Table 9 Summary of computing time (second) for performing one simulation for each estimation method in Scenario 4 (\(M=5,25,45\); \(n=1,000\)); \(\varvec{\beta }=(1,-0.5,1,\log (2))^T\); \(\varvec{\alpha }=(2,0.6,0.6)^T\); \(\varvec{\gamma }=(0.7,-0.2,0.1,-1.2)^T\); observed selection probabilities: (0.60, 0.15, 0.15, 0.10)

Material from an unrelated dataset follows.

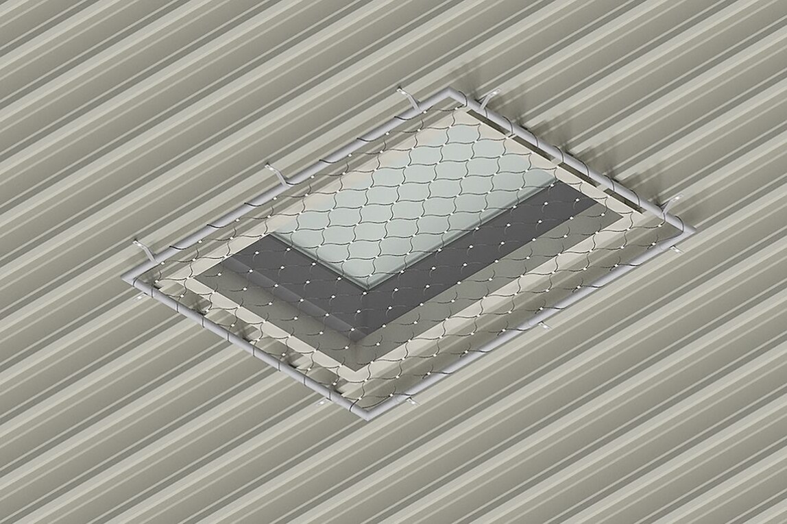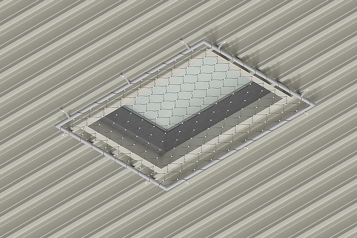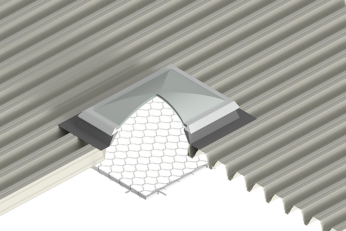 Die Dome Light Protection besteht aus einem Aluminiumrahmen und einem Edelstahlnetz, das unterhalb der Dachkonstruktion angebracht wird. Eine Öffnung der Lichtkuppel ist dabei nicht erforderlich. Dadurch bleibt die Dachabdichtung unberührt, und der Öffnungsmechanismus der Lichtkuppel muss nicht ausgespart werden.
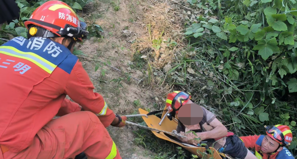 消防救援人员抵达现场后发现,一名老人被困在悬崖下3米的草丛,离悬崖底约10米。根据现场掌握的实际情况,消防救援人员首先在悬崖边设好锚点,将救援绳释放至被困人员位置,防止被困人员继续往下坠落。随后,让一名救援人员穿戴好防护装备携带三角吊带,利用绳索救援技术下降至被困人员位置,在为被困人员穿戴好三角吊带后,通过绳索将被困人员提拉上升至安全区域,再使用担架将老人移动至马路,并交由医护人员。

Given in Tables 10 and 11, respectively, are the simulation results for \(X_1\) and \(X_2\) with negative and positive correlation values. The biases of the CC and MICE estimators were overall larger than the other estimators. The biases were overall not changed much when the absolute correlation value was increased except the MICE estimator (for \(\beta _1\) when \(\rho\) was changed from \(-0.21\) to \(-0.71\); \(\beta _0,\beta _1, \beta _2\) when \(\rho\) was changed from 0.21 to 0.71). The SDs and ASEs of all the estimators, except the estimators of \(\beta _3\), tended to be increased with the increase in the absolute correlation value. The SD and ASE of the CC estimator were the largest. The SD and ASE of the JCL estimator were comparable with or (slightly) larger than those of the MI1 and MI2 estimators. The empirical CPs based on all the estimation methods were overall close to the nominal probability 95% except the CC (for \(\beta _0\) when \(\rho =-0.53\); \(\beta _3\) when \(\rho =-0.53,-0.71,0.51, 0.71\)), MI1 (for \(\beta _0\) when \(\rho =0.71\); \(\beta _1,\beta _2\) when \(\rho =-0.71,0.51\)), MI2 (for \(\beta _1\) when \(\rho =-0.71,0.51\)), and MICE (for \(\beta _0\) when \(\rho =-0.21,0.21,0.51,0.71\); \(\beta _1,\beta _2\) for all \(\rho\) values) methods. The relative efficiency values of the CC, SIPW, VL, and MICE estimators to the two different types of MI estimators were greater than 1 except the relative efficiency values of the SIPW to MI2 estimators and the MICE to the two different types of MI estimators (for \(\beta _0\) when \(\rho =-0.53,-0.71\); \(\beta _1\) when \(\rho =-0.21\); \(\beta _3\) when \(\rho =0.21,0.51,0.71\)). The performances of the MI1 and MI2 estimators were comparable with that of the JCL estimator in terms of efficiency (Table 12).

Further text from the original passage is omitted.